Latkes Remixed: Sweet Potato, Parsnip, and Apple

One of the things I miss most about college are the latkes that graced every Jewish holiday celebrated at the campus Hillel. Hours upon hours were spent in the kitchen preparing hundreds of latkes that would vanish from the large platters before they had the chance to lose that fresh-from-the-skillet crisp exterior. For me, latkes are still a comfort food, although one I have enjoyed less regularly since the end of my college years.

While the traditional latke still holds a fond place in my heart, the concept is so simple it’s hard not to experiment every once in a while with a twist on tradition. This recipe was sparked by the following post on Well+Good, one of my favorite health and fitness blogs. As I started to gather my ingredients, I noticed a sweet potato on the counter, left over from a sweet-potato-for-breakfast binge a couple weeks earlier. The sweet, starchy potato adds back that quintessential latke feeling, while maintaining the healthier-and-different-tasting vibe of these remixed latkes.

They taste best right out of the oven, but can also be stored in the fridge or even frozen, then re-heated in the microwave or toaster oven. I don’t mind a bit of char around the edges, but if you prefer your latkes singe-free, take care to keep the edges neat (no stray shavings poking out an an angle) when shaping them. And, of course, while you can enjoy them as is, I highly recommend topping with some plain greek yogurt/sour cream and applesauce to complete the latke experience.


3 medium gala apples

1 large sweet potato

3 medium parsnips

2 eggs

fresh ground black pepper

cooking spray


Preheat the oven to 450 degrees F. Peel the skin from the sweet potato, remove tops from parsnips, and cut/core the apples. Using a grater, shred the sweet potato, parsnips, and apples into a large bowl.

Grated sweet potato

Grated sweet potato

Grated parsnip

Grated parsnip

Grated apple

Grated apple

Whisk eggs together in a small bowl, then pour over the mixture. Grate pepper on top to taste, then mix until egg completely coats the sweet potato, parsnip, and apple gratings. I recommend using your hands for maximum egg-coverage, but you could also use a fork.

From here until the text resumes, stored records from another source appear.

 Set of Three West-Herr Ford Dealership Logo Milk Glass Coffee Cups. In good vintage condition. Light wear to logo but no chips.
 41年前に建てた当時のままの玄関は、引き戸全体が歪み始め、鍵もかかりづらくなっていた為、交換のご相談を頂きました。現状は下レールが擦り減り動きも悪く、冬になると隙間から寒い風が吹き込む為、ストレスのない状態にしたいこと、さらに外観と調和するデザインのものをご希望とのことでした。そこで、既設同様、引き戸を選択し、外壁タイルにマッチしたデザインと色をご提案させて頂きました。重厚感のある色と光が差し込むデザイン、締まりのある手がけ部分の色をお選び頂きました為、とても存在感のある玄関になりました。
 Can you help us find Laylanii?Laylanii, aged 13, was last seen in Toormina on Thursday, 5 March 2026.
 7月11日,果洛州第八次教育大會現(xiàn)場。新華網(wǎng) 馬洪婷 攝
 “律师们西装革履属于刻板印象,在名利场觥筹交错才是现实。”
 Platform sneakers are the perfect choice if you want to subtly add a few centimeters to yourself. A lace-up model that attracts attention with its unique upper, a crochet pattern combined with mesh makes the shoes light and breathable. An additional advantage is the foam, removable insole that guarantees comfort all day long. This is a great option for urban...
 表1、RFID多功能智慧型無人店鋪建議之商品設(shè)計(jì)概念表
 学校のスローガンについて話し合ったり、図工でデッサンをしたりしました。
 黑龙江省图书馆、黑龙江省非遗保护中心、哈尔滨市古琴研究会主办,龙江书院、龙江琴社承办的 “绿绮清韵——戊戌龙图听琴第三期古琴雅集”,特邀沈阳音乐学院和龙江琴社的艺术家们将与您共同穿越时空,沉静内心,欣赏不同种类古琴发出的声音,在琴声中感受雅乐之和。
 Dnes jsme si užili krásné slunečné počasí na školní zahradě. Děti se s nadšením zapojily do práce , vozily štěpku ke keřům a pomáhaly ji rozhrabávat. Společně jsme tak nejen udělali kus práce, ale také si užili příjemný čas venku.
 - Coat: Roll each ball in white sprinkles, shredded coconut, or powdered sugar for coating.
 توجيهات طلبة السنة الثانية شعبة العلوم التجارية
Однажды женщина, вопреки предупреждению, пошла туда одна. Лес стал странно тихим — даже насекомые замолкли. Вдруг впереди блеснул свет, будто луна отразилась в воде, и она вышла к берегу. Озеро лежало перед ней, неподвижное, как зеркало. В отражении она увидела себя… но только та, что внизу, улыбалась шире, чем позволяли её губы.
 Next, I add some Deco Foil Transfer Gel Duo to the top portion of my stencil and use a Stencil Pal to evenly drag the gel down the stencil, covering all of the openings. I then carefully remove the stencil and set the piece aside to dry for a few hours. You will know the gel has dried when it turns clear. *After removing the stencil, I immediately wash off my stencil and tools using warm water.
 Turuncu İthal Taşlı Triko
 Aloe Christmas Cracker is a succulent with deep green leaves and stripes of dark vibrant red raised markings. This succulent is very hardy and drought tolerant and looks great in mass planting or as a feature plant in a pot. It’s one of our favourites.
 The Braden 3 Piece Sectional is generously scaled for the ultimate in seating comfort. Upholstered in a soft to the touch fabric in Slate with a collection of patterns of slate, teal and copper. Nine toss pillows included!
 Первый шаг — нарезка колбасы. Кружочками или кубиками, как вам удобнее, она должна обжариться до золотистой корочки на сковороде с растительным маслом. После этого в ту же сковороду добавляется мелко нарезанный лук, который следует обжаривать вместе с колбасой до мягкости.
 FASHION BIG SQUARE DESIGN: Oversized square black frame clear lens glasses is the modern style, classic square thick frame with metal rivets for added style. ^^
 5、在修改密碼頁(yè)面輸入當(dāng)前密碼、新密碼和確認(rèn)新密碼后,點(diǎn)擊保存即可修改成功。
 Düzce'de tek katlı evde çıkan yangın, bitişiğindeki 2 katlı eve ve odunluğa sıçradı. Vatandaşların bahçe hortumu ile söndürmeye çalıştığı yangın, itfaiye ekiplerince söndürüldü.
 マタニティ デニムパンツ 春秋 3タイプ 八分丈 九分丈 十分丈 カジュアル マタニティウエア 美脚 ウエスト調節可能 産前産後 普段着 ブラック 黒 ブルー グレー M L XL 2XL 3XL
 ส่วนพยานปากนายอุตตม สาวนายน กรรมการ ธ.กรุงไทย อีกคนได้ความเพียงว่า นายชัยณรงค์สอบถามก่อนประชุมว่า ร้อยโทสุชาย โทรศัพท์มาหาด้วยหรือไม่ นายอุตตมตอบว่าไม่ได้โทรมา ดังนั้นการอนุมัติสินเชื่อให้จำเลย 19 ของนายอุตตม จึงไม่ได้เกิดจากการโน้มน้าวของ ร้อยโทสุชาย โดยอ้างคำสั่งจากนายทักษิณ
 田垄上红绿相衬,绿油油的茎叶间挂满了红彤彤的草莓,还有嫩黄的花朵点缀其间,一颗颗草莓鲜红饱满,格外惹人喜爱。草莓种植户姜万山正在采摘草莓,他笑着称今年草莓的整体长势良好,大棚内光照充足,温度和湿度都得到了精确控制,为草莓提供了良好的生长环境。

Spray 2-3 baking sheets with cooking oil. Form the egg-coated mixture into palm-sized patties and place on the baking sheet, leaving about 1/4 inch on all sides. Note that the larger the patties, the more likely they will fall apart when removed from the baking sheet.

Latkes ready for the oven

Latkes ready for the oven! If you want to avoid charred edges, remove any stray pieces of sweet potato, parsnip, or apple from each latke before baking.

Bake until fully cooked, about 20 minutes. While still hot, remove from baking sheet.

Fully cooked latkes.

Fully cooked latkes.

Serve immediately, or let cool on a plate and then refrigerate or freeze.